━━ RECORDS SHOWN ━━

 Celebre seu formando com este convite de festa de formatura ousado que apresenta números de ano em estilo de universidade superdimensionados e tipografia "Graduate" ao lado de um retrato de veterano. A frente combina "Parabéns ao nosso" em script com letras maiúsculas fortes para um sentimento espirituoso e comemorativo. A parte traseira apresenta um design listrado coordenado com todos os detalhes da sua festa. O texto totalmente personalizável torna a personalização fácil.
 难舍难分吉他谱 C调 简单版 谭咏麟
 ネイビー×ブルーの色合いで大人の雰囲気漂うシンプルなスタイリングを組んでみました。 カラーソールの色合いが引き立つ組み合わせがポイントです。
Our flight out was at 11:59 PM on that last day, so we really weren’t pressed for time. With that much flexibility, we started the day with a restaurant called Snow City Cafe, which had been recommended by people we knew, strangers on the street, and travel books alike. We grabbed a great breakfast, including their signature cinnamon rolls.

━━━
━━ RECORDS SHOWN ━━

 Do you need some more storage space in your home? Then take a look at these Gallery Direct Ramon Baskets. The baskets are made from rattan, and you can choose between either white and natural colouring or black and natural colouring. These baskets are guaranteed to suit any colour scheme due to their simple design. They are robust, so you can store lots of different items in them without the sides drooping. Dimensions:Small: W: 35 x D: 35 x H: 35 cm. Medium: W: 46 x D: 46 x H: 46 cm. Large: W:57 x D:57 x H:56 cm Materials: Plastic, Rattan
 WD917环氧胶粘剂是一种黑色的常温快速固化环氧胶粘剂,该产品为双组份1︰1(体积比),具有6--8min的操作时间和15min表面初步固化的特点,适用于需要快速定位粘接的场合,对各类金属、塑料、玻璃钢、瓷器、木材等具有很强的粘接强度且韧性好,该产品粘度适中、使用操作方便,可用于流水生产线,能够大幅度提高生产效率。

━━━

## WORK REQUIRED
State how many lines of the listing above hold the word "design", with nothing but the number.

## TASK OUTPUT
2